> [What needs to be done]:
Transcribe exactly, and without pictures, only the lines from the one bearing "The Daily SuDoku: Wed 5-Oct-2022" through the final line of the data below.

> [Data extract]:
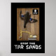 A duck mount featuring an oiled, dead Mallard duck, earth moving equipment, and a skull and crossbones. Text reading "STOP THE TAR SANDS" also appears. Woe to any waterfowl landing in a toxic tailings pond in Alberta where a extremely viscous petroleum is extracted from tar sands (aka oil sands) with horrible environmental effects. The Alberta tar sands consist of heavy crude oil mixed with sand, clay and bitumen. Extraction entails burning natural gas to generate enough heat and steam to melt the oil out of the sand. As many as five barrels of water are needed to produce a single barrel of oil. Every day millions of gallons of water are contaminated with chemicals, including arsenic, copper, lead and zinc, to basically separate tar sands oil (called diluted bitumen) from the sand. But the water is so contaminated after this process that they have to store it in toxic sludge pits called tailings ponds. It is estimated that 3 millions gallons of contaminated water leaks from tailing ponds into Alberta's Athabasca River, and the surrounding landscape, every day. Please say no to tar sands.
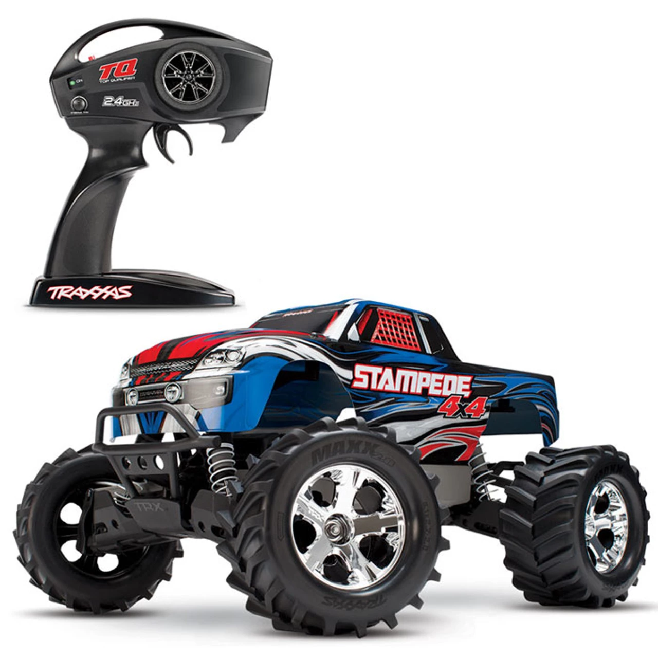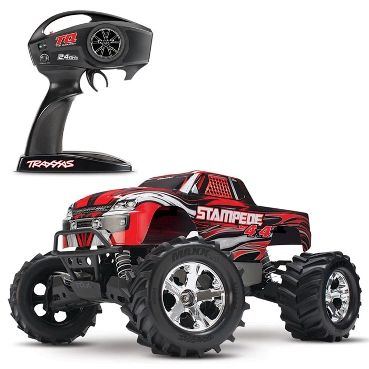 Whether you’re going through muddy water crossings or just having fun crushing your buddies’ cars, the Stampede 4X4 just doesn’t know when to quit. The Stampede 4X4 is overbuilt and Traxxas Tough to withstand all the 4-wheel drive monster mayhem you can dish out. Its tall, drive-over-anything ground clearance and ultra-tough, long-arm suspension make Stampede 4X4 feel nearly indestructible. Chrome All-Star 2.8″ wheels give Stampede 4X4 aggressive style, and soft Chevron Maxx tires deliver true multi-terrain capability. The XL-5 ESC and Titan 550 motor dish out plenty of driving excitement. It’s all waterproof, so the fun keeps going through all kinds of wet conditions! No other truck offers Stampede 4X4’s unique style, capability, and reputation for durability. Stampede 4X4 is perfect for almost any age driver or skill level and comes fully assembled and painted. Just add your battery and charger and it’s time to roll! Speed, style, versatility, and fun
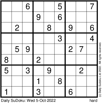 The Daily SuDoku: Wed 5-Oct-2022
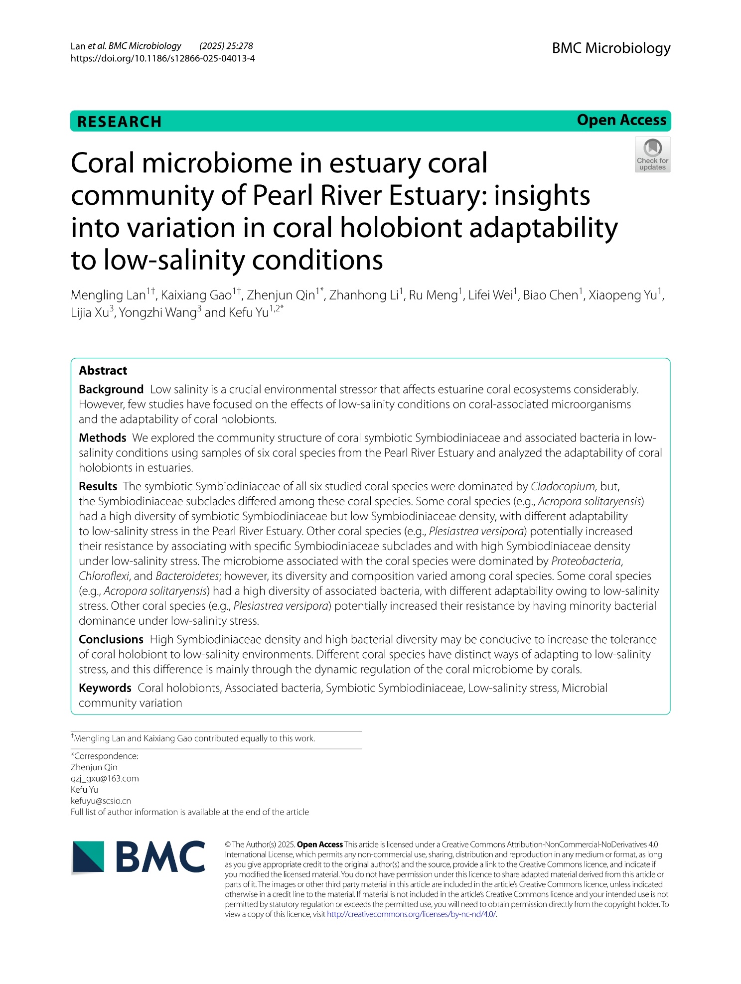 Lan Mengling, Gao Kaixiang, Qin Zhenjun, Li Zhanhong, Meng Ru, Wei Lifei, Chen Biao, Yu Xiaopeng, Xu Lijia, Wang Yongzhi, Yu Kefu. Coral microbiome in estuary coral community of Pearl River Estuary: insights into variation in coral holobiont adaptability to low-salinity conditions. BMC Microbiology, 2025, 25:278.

> [Response]:
 The Daily SuDoku: Wed 5-Oct-2022
 Lan Mengling, Gao Kaixiang, Qin Zhenjun, Li Zhanhong, Meng Ru, Wei Lifei, Chen Biao, Yu Xiaopeng, Xu Lijia, Wang Yongzhi, Yu Kefu. Coral microbiome in estuary coral community of Pearl River Estuary: insights into variation in coral holobiont adaptability to low-salinity conditions. BMC Microbiology, 2025, 25:278.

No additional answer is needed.